CONFISCATION and FORFEITURE of the
PROCEEDS or INSTRUMENTS of the Unlawful Act, Including
the PROPERTIES or PROCEEDS Derived from the Illegal
Trafficking29 of Dangerous Drugs and/or Precursors and
Essential Chemicals
Every penalty imposed for the unlawful importation, sale,
trading, administration, dispensation, delivery, distribution,
transportation or manufacture of any dangerous drug and/or
controlled precursor and essential chemical, the cultivation or
culture of plants which are sources of dangerous drugs, and the
possession of any equipment, instrument, apparatus and other
paraphernalia for dangerous drug including other laboratory
equipment, shall carry with it the confiscation and
forfeiture, in favor of the government, of all the proceeds and
properties derived from the unlawful act, including, but not
limited to money and other assets obtained thereby, and
the instruments or tools with which the particular unlawful
act was committed, unless they are the property of a third
person not liable for the unlawful act, but those which are not of
lawful commerce shall be ordered destroyed without delay.

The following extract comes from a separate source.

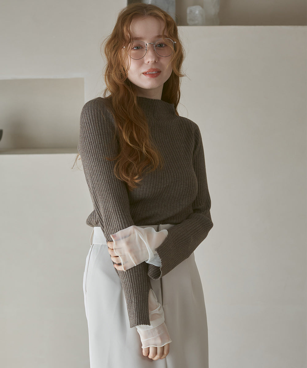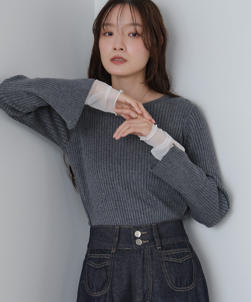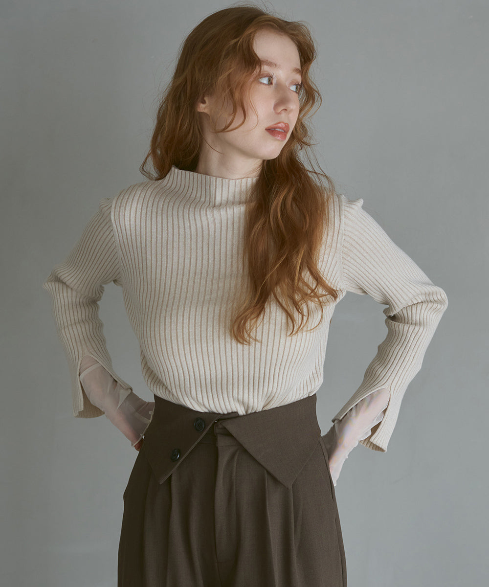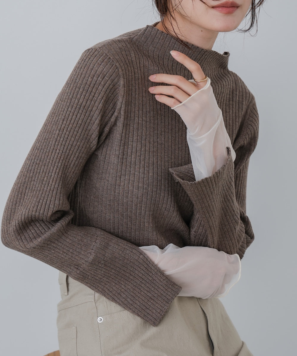 繊細なチュールを重ねた袖デザインが印象的なチュールレイヤードリブニット。リブ編みのすっきりとしたシルエットに、ふんわりと重なるチュールが女性らしい抜け感をプラス。首元はボートネックとハイネックの2種類から選べるので、シーンやスタイルに合わせて印象を変えられるのも魅力です。程よい厚みのあるニット素材にチュールを組み合わせ、華やかさと着心地の良さを両立。デイリーから特別なお出かけまで、幅広く活躍してくれる大人フェミニンな一枚です。

The PDEA shall take charge and have custody of all dangerous
drugs, plant sources of dangerous drugs, controlled precursors and
essential chemicals, as well as instruments/paraphernalia and/or
laboratory equipment so confiscated, seized and/or surrendered,
for proper disposition. (Section 21)
The Land and/or greenhouses on which plant sources of
dangerous drugs are cultivated or cultured shall be confiscated
and escheated in favour of the State, unless the owner thereof can
prove lack of knowledge of such cultivation or culture despite the
exercise of due diligence on his/her part. (Section 16)
Moreover, if the den, dive or resort where any prohibited drug is
used or sold in any form, is owned by a third person, the same
shall be confiscated and escheated in favor of the government.
However, the criminal complaint must name the owner of the
place as an accused and must specifically allege that said place is
intentionally used in the furtherance of the crime.
The
prosecution must also prove intent on the part of the owner to use
the property for such purpose. (Section 6)
29 Section 3(r), ibid. Illegal Trafficking refers to the illegal cultivation, culture,
delivery, administration, dispensation, manufacture, sale, trading, transportation,
distribution, importation, exportation and possession of any dangerous drug
and/or controlled precursor and essential chemical.